Activity: Print all the data that follows exactly, images excluded.

The data:
<<<<

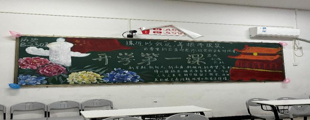 (图为同学们布置“开学第一课”主题板报)
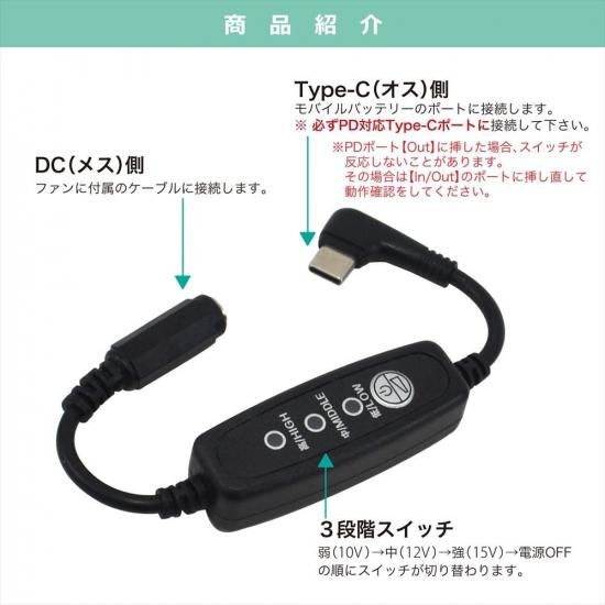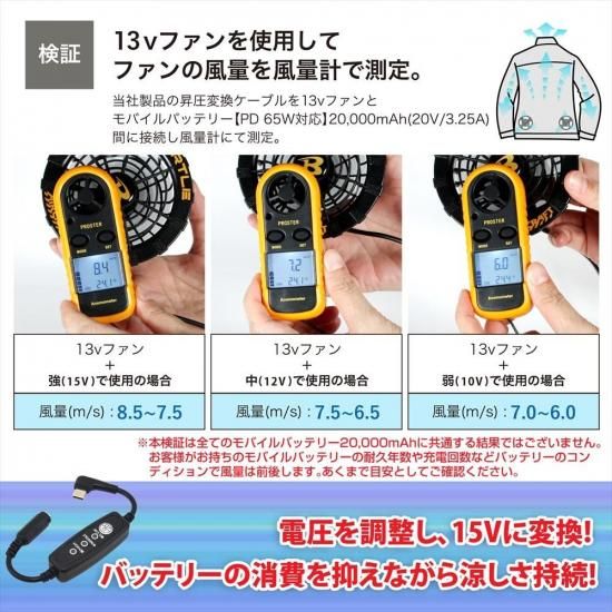 ![]() ![]() ![]() ![]() ![]() ![]() ![]() ![]() ■商品説明 ◇16Vタイプよりバッテリー長持ち!◇ 最初の1時間は15V! その後は12Vに切り替わるのでバッテリーの消費を抑えられます! ・PD対応のモバイルバッテリーの出力を15Vに昇圧することができるType-C昇圧アダプターです。 ・このアダプタにより、モバイルバッテリーをファン付き作業服のバッテリーとして使用できるようになります。 ・Type-C端子は断線に強いL型コネクタ。 ・胸元のケーブルのもたつきも軽減します。 ・風量を3段階で調節できるスイッチが付いており、気温や体調に合わせて簡単に風量が調節できます。 ■対応型番 対応型番表をご参照ください。 ※対応型番以外の製品にはご使用いただけません。
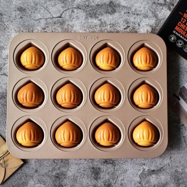 Chefmade 學廚宇宙工作室 原廠正品 12連栗子蛋糕模(WK9451不沾12連蛋糕模栗子模烤盤模)

>>>>

Answer to this task:
 (图为同学们布置“开学第一课”主题板报)
 ![]() ![]() ![]() ![]() ![]() ![]() ![]() ![]() ■商品説明 ◇16Vタイプよりバッテリー長持ち!◇ 最初の1時間は15V! その後は12Vに切り替わるのでバッテリーの消費を抑えられます! ・PD対応のモバイルバッテリーの出力を15Vに昇圧することができるType-C昇圧アダプターです。 ・このアダプタにより、モバイルバッテリーをファン付き作業服のバッテリーとして使用できるようになります。 ・Type-C端子は断線に強いL型コネクタ。 ・胸元のケーブルのもたつきも軽減します。 ・風量を3段階で調節できるスイッチが付いており、気温や体調に合わせて簡単に風量が調節できます。 ■対応型番 対応型番表をご参照ください。 ※対応型番以外の製品にはご使用いただけません。
 Chefmade 學廚宇宙工作室 原廠正品 12連栗子蛋糕模(WK9451不沾12連蛋糕模栗子模烤盤模)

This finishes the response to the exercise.